Iranian security forces committed a “catalogue of shocking human rights violations” against those detained in a crackdown on nationwide protests last November, Amnesty International says.
Dozens of men and women told the human rights group they were beaten, flogged, given electric shocks, or sexually abused to extract bogus confessions.
More than 7,000 people – including children as young as 10 – were arrested in the crackdown. Hundreds more died.
Iran has not commented on the report.
But it has previously rejected criticism of its human rights record as baseless.
November’s protests erupted after the Iranian government increased the price of petrol by 50%.
The decision was met with widespread anger in a country where the economy was already reeling as a result of US sanctions, and hundreds of thousands of people took to the streets.
Iran’s supreme leader denounced the protesters as “evil-doers” incited by “foreign enemies”, and security forces launched a deadly crackdown.
Amnesty has documented the cases of 304 men, women and children it says were killed by security forces over five days – most from gunshot wounds. Iran’s interior minister has indicated that the death toll was below 225.
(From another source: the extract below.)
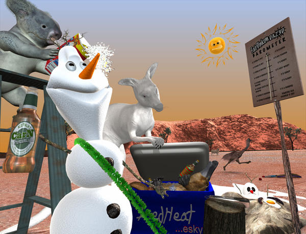 Love all the animals in there! This image is so much fun already. Such delicious hilarious details. The platypus looks like he's enjoying himself the most. :-) Poor snowman... :( That sun looks really angry.

At least 7,000 other people were arrested, according to the spokesman for the Iranian parliament’s national security committee, although media reports suggest the figure was far higher.
Amnesty’s new report, entitled “Iran: Trampling Humanity”, gathered the testimonies of 60 detainees and 14 individuals who had either witnessed or investigated reported violations.
The detainees alleged that torture was routinely used to elicit “confessions” and incriminating statements, not just about their involvement in the protests, but also about their alleged associations with opposition groups, human rights defenders, media outside Iran, as well as with foreign governments.
Amnesty said the torture methods included “waterboarding, beating, flogging, electric shocks, pepper-spraying genitals, sexual violence, mock executions, pulling out nails and solitary confinement, sometimes for weeks or even months”.
One man who was subjected to electric shocks recounted: “It felt like my entire body was being pierced with millions of needles. If I refused to answer their questions, they would raise the voltage levels and give me stronger electric shocks… The torture has had lasting effects on my mental and physical health.”